Jantje7600 wrote:1. All runners are athletes.
2. Some athletes can’t swim.
3. Swim Suit is a runner.
4. Swim Suit can’t swim

I can't figure out whether it is valid, cogent or ill-formed. I thought it was cogent as it makes you think that because:

All A are B
Some B can't C
x is an A
x can't C

It's definitely not a "valid" argument because the premises clearly do not support the conclusion in such a way that it is impossible to be otherwise. I would be very reluctant to say it's cogent either because it doesn't seem like a "strong" argument (at least on first glance).

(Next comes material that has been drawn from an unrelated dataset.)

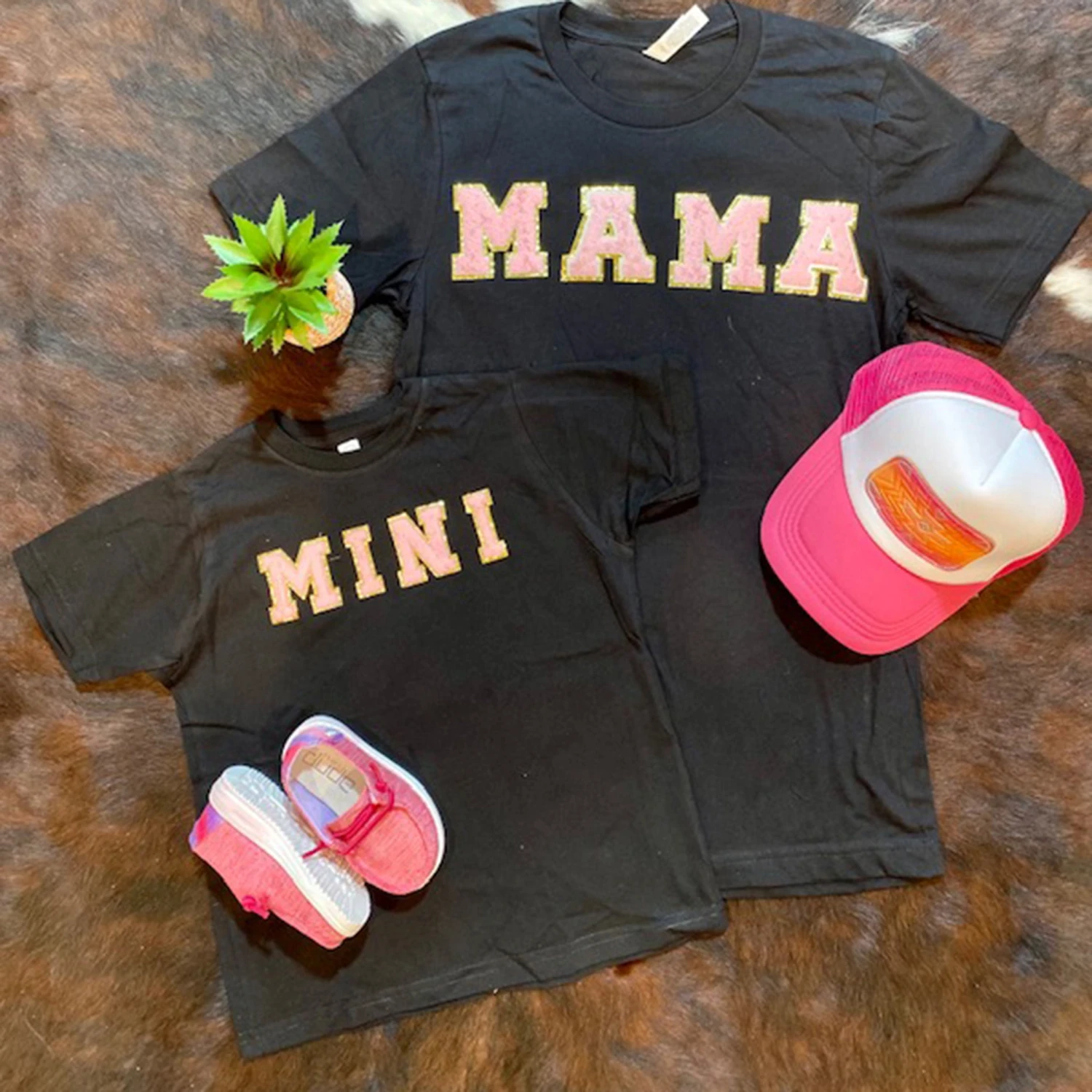 We love a great Mommy & Me and this adorable MINI black tee is a must have! Make sure to grab the matching MAMA version just for you! Pink Letters with Gold Trim, these tee’s are fun and fabulous.Â

In order to be a "strong" argument I think (but am not 100% sure) it would have to be something along the lines of the following:

All runners are athletes
Most athletes can't swim
Swim Suit is a runner
Therefore Swim Suit probably can't swim

Of course my example above might not be a cogent argument either because premise #2 is maybe false. A cogent argument must BOTH be a strong one AND have true premises. I think your initial argument may have true premises (assuming #3 is referring to a person who is a runner and not to the article of clothing) but it is NOT strong. Therefore I will say it is NOT cogent either.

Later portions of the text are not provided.